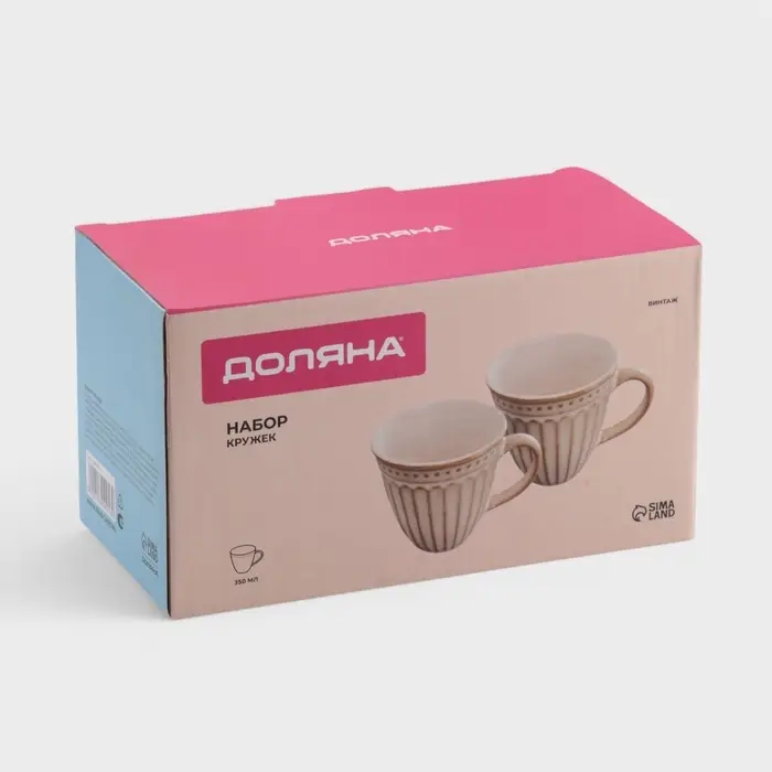 Набор кружек Доляна «Винтаж», 350 мл, набор 2 шт., керамика, бежевые
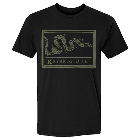 Kayak, or Die™ - join the revolution. Inspired by Ben Franklin's famous 1754 cartoon - "Join, or Die" snake woodcut.
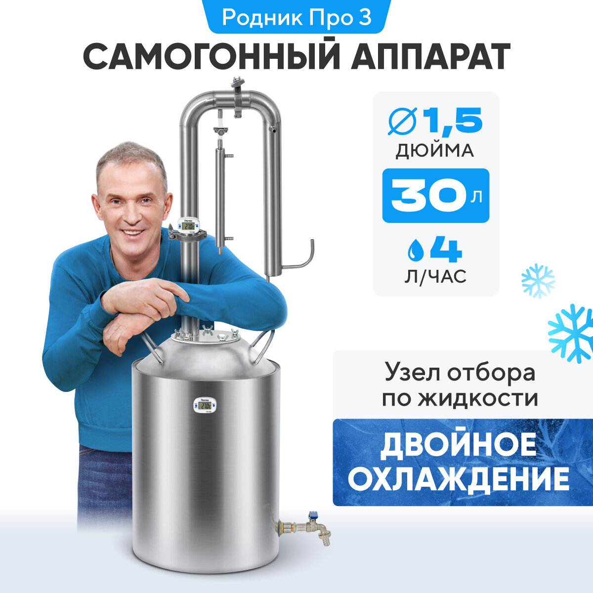 Самогонный аппарат 30 литров Родник Про3 колонного типа интересное:
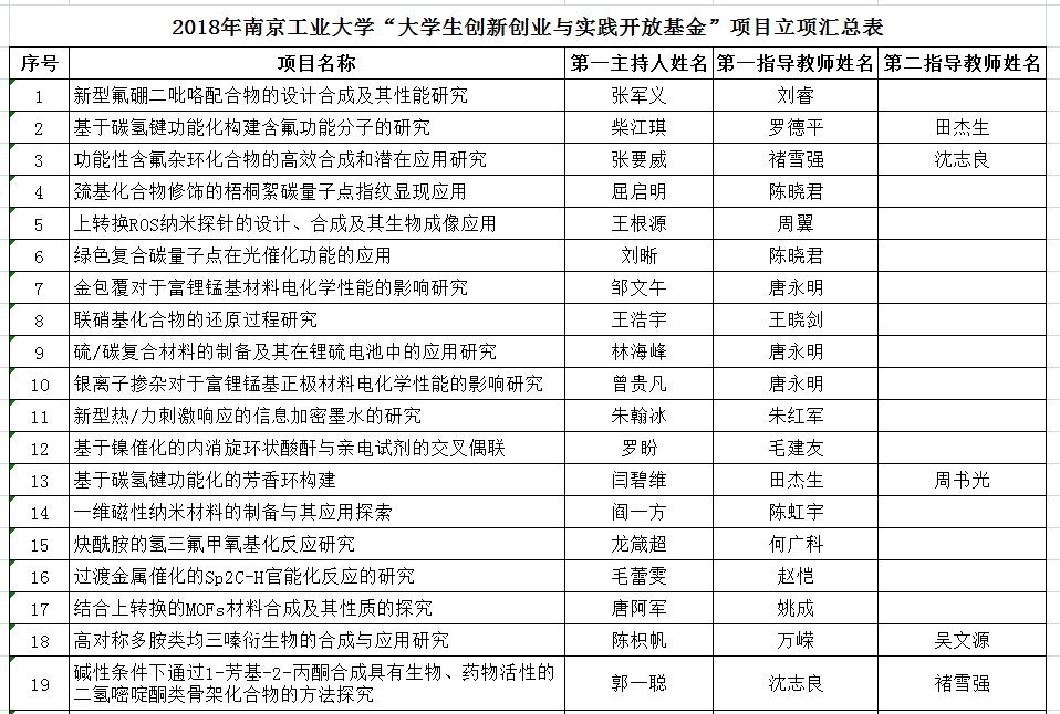 根据《万博体育bet 深化创新创业教育改革实施方案》精神(南工校发[2017]6号),全面深化大学生创新创业教育改革,创新人才培养模式,强化大学生实践创新能力,加快实施我校“大学生创新实践百千万工程”,学校组织了2017-2018年“大学生创新创业与实践开放基金”项目立项申报工作。经学院审核,教学事务部与校团委共同审定,我院共有34项“大学生创新创业与实践开放基金”项目获校级立项。

◆ Task details: Where a picture appears, omit it; otherwise reproduce each line above from the first to the one with "Самогонный аппарат 30", inclusive.

◆ Result for this exercise:
 Набор кружек Доляна «Винтаж», 350 мл, набор 2 шт., керамика, бежевые
 Kayak, or Die™ - join the revolution. Inspired by Ben Franklin's famous 1754 cartoon - "Join, or Die" snake woodcut.
 Самогонный аппарат 30 литров Родник Про3 колонного типа интересное:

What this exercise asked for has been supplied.